Эти переходы совершались Иосифом автоматически, инстинктивно, когда он напряженно думал о чем-нибудь и всегда, по внутреннему сигналу эмоциональной памяти, которая не спрашивая разум, направляет наши действия во сне и наяву, не расшифровывая причин, прячась под рассеянность или задумчивость.

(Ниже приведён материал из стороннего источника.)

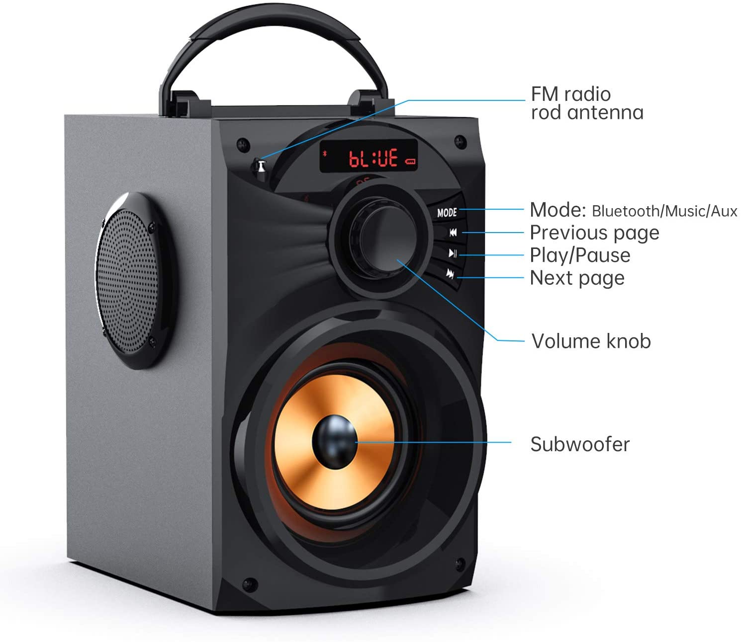 - A Portable Bluetooth Speaker with SubwooferпјЊThis is a great speaker. Smaller than expected but it has loud, clear sound. I purchased so that I can have audio in other parts of the house without having to move my soundbar and subwoofer around.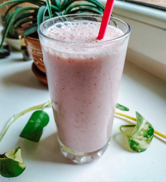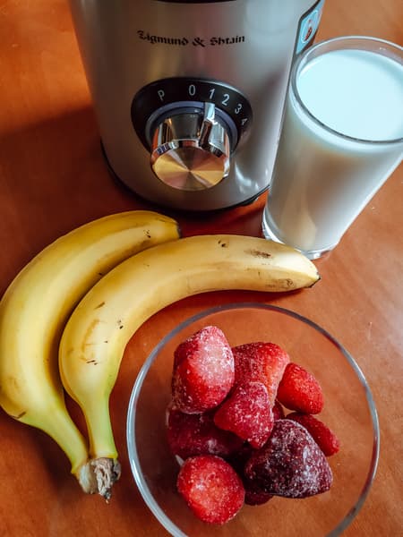 Этот освежающий и питательный напиток идеален для ленивого субботнего (и не только) утра. Мы взяли пару стаканов молока, два банана и немного замороженной клубники, которую ненадолго оставили на столе при комнатной температуре, так как инструкция запретила нам измельчать твердые замороженные продукты.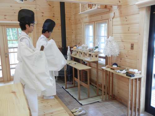 昨日高原都市新事務所が無事竣工となりました。 神主さんにお祈りしていただき弊社のますますの発展と工事の安全を祈願していただきました。

Тело человека управляется в такие минуты и часы "лоцманом" - чувством, пережитым некогда и навсегда запечатленном в сознании. Наша личность и состоит из таких сильных чувств и способности переживать их...
И выходит, что все мы - продукт обстоятельств, их взаимодействия с генной структурой, данной каждому от Бога. И чего тут больше - обстоятельств или структуры - неясно.
Например, Иосиф Джугашвили, стал Вождем не потому, что были только условия или только обстоятельства, но и потому, что его генная структура была такова, а все прочее наложилось на неё, как множество условий и допущений, проявившихся из небытия. Эти переживания помогли судьбе воплотить в образе Иосифа Джугашвили-Сталина - народного лидера, сделали его редким человеком, предназначенным приказывать, повелевать, казнить и миловать, и осенили его сверх идеей, руководствуясь которой можно было проявить во всем блеске качества партийного руководителя, политика, вождя...
Иосиф ходил, думал, и вспоминал:
"Эх, Бухарчик, Бухарчик! Мне тебя жаль, но ведь ты сам этого хотел, сам формировал в прошлом свое будущее, когда задумал подчинить партию и меня, себе и своим сторонникам, которые растащили бы страну, великую страну Революции по частным конторам, кооперативам, буржуазным трестам и концернам! И все, что мы задумывали, за что боролись, - все это вновь могло попасть в руки сытых, самодовольных и подлых хозяев жизни, волею рождения и особенностей социальной системы, всегда творящих зло чужими руками...
Проклятые либералишки, дрожащие от вожделения, когда власть хоть на мгновение проходит рядом. Им мерещится, что они способны прокормить народ, сделать его счастливым, одетым, обутым. А Бухарчик, умная голова, но характер - дрянь! Он был игрушкой в руках Томских, Рыковых...
И главное, - эти псевдо-полководцы будут пытаться диктовать мне свои бездарные глупые решения, а я вынужден буду их слушать и подчиняться?! Ну, нет!!! Я бы мог поладить с Николаем, с Бухарчиком, но ведь он не один".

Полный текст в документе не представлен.